▶ [What the exercise asks]:
From top to bottom, return the listing exactly as it appears, omitting its images.

▶ [Recorded information]:
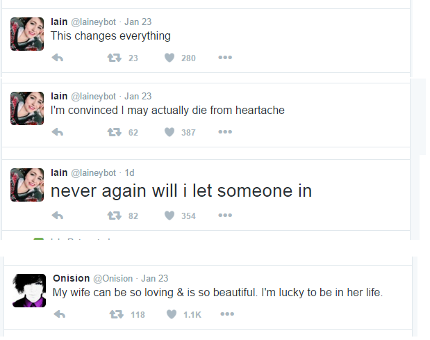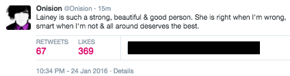 | 10:02, 5 March 2019 | LaineyGregBreakup1-23-16.png (file) | 51 KB | Admin | Lainey and Greg hint at their break up on twitter before announcing it two days later, January 23, 2016 | 1 | |
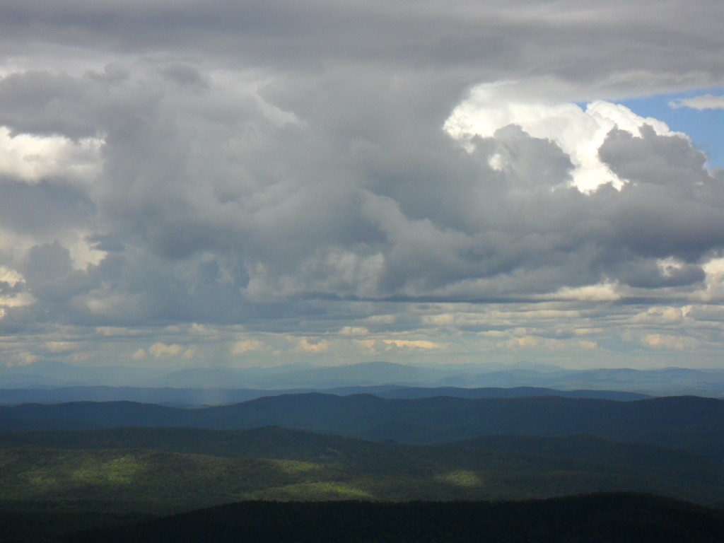 Because of the cleared slopes there are plenty of views below alpine. Additionally, the slopes become steep meadows with blossoming flowers in the warmer months. A summer storm suddenly passed over as I was hiking up the mountain. A little thrill, then it quickly went on its way.
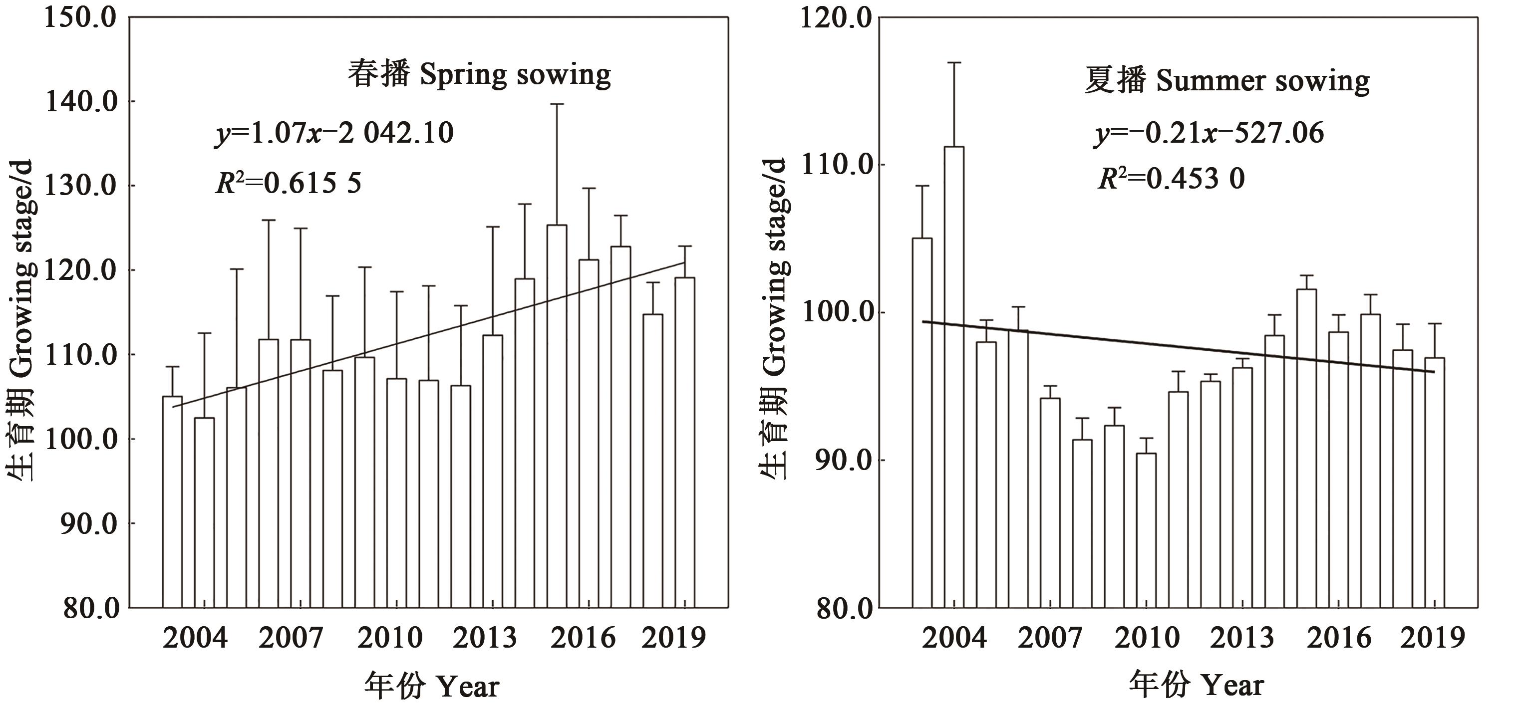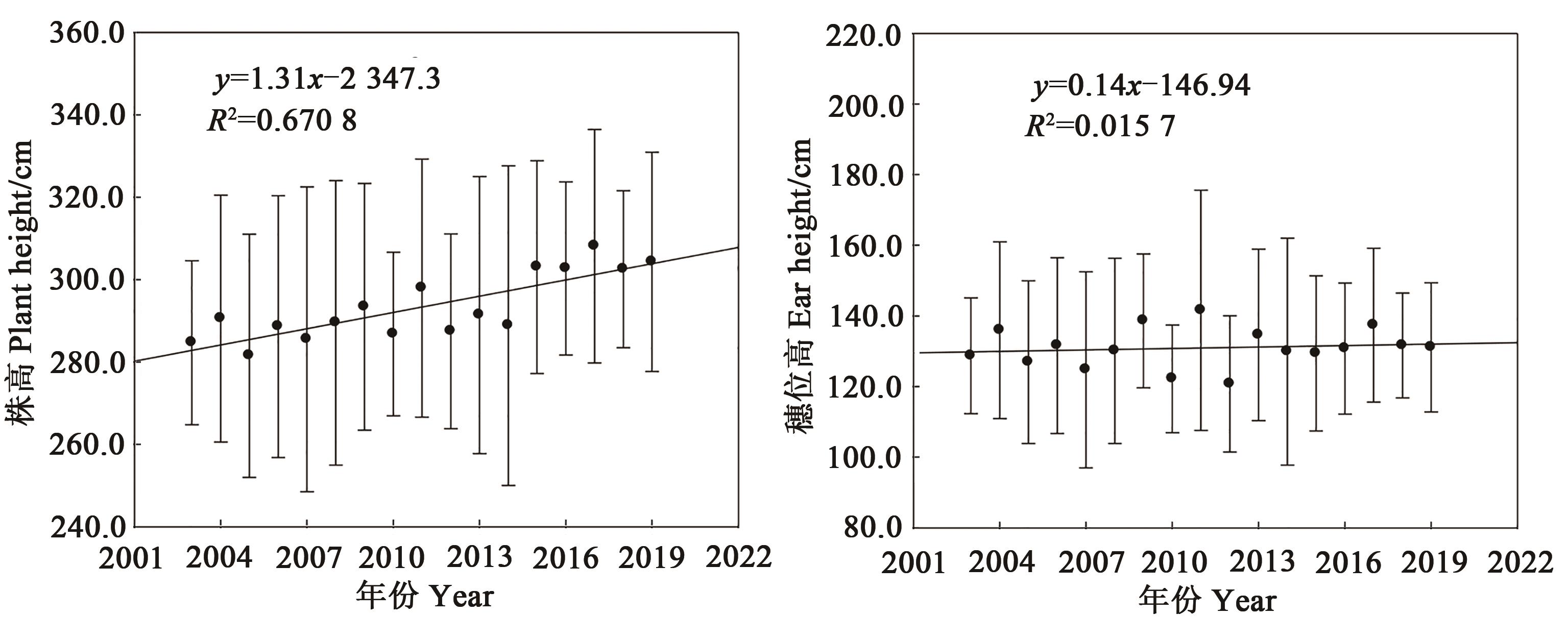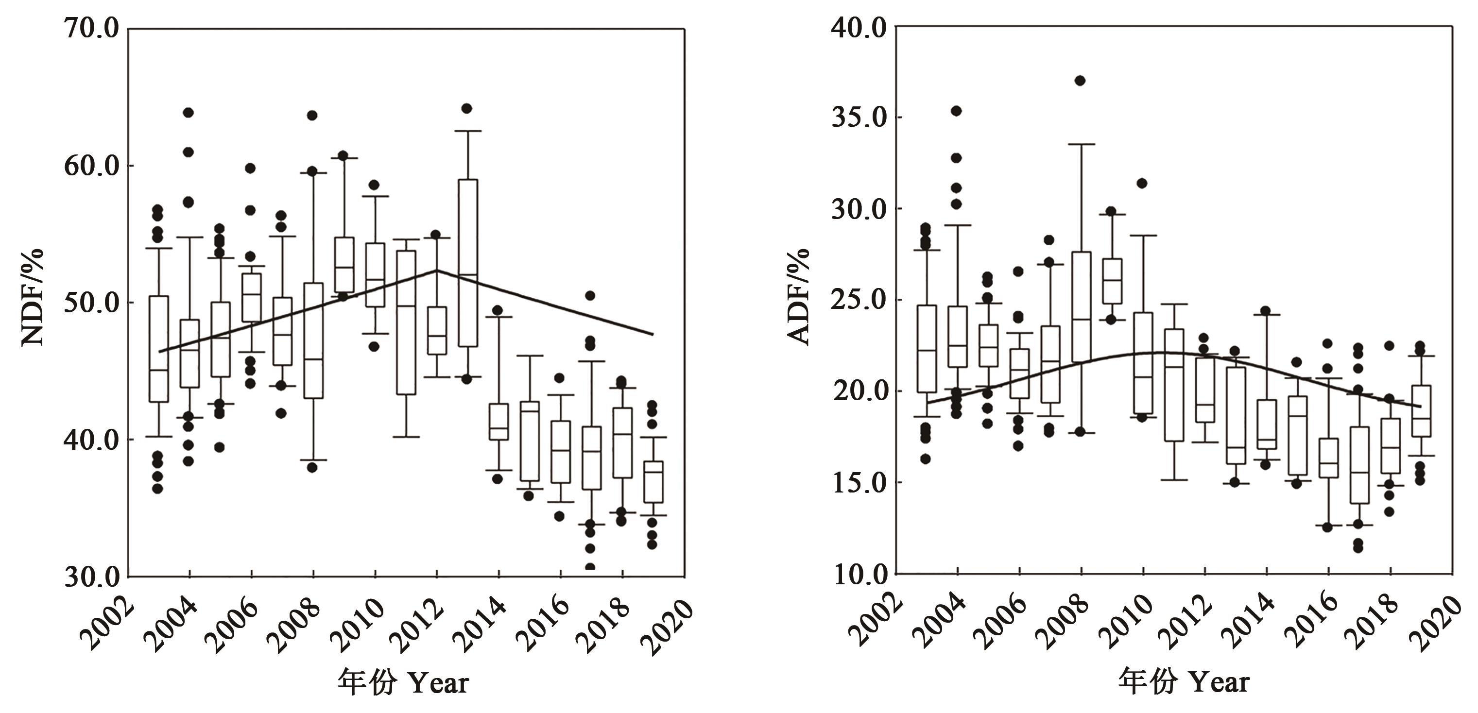 青贮玉米以其特有的优势居于现代农业的重要位置。系统分析了2003—2019年累计394个参加国家玉米品种区域试验青贮玉米组合(品种)的农艺性状、生物产量和品质的变化,为未来中国青贮玉米产业发展和品种选育提供依据和参考。结果表明:①2003—2019年参试青贮玉米组合(品种)的生育期平均为111.8 d,春播组合(品种)平均为109.3 d,比夏播组合(品种)长9.7 d,春播组合(品种)生育期呈延长趋势,而夏播组合(品种)呈缩短趋势;②参试青贮玉米组合(品种)的平均株高和穗位高分别为300.5和132.3 cm,2003—2019年株高和穗位高呈升高趋势,近10年株高增加了12.5 cm,而穗位高仅增加了2.1 cm;③参试青贮玉米组合(品种)生物产量平均为19 477.5 kg DW·hm-2,2003—2019年呈先降低后升高趋势,2011—2019年较2003—2010年增加了721.8 kg·hm-2;④参试青贮玉米组合(品种)的平均中性洗涤纤维(NDF)和酸性洗涤纤维(ADF)含量分别为46.7%和21.5%,2003—2019年呈先升高后逐年降低趋势,2011—2019年NDF和ADF含量分别较2003—2010年降低了6.8和5.5个百分点;⑤参试青贮玉米组合(品种)的粗蛋白含量平均为8.7%,年际间变幅较小,全株淀粉含量平均为31.0%(2014—2019年),呈逐年升高和集中趋势。连续17年国家青贮玉米品种区域试验分析结果表明,青贮玉米组合(品种)春播生育期呈延长趋势、夏播则逐步缩短;株高增加,但穗位高变化不大;品质改良取得显著成效,NDF和ADF含量显著降低,淀粉含量明显提升,粗蛋白含量保持稳定;生物产量整体有所提升。

▶ [Response below]:
 | 10:02, 5 March 2019 | LaineyGregBreakup1-23-16.png (file) | 51 KB | Admin | Lainey and Greg hint at their break up on twitter before announcing it two days later, January 23, 2016 | 1 | |
 Because of the cleared slopes there are plenty of views below alpine. Additionally, the slopes become steep meadows with blossoming flowers in the warmer months. A summer storm suddenly passed over as I was hiking up the mountain. A little thrill, then it quickly went on its way.
 青贮玉米以其特有的优势居于现代农业的重要位置。系统分析了2003—2019年累计394个参加国家玉米品种区域试验青贮玉米组合(品种)的农艺性状、生物产量和品质的变化,为未来中国青贮玉米产业发展和品种选育提供依据和参考。结果表明:①2003—2019年参试青贮玉米组合(品种)的生育期平均为111.8 d,春播组合(品种)平均为109.3 d,比夏播组合(品种)长9.7 d,春播组合(品种)生育期呈延长趋势,而夏播组合(品种)呈缩短趋势;②参试青贮玉米组合(品种)的平均株高和穗位高分别为300.5和132.3 cm,2003—2019年株高和穗位高呈升高趋势,近10年株高增加了12.5 cm,而穗位高仅增加了2.1 cm;③参试青贮玉米组合(品种)生物产量平均为19 477.5 kg DW·hm-2,2003—2019年呈先降低后升高趋势,2011—2019年较2003—2010年增加了721.8 kg·hm-2;④参试青贮玉米组合(品种)的平均中性洗涤纤维(NDF)和酸性洗涤纤维(ADF)含量分别为46.7%和21.5%,2003—2019年呈先升高后逐年降低趋势,2011—2019年NDF和ADF含量分别较2003—2010年降低了6.8和5.5个百分点;⑤参试青贮玉米组合(品种)的粗蛋白含量平均为8.7%,年际间变幅较小,全株淀粉含量平均为31.0%(2014—2019年),呈逐年升高和集中趋势。连续17年国家青贮玉米品种区域试验分析结果表明,青贮玉米组合(品种)春播生育期呈延长趋势、夏播则逐步缩短;株高增加,但穗位高变化不大;品质改良取得显著成效,NDF和ADF含量显著降低,淀粉含量明显提升,粗蛋白含量保持稳定;生物产量整体有所提升。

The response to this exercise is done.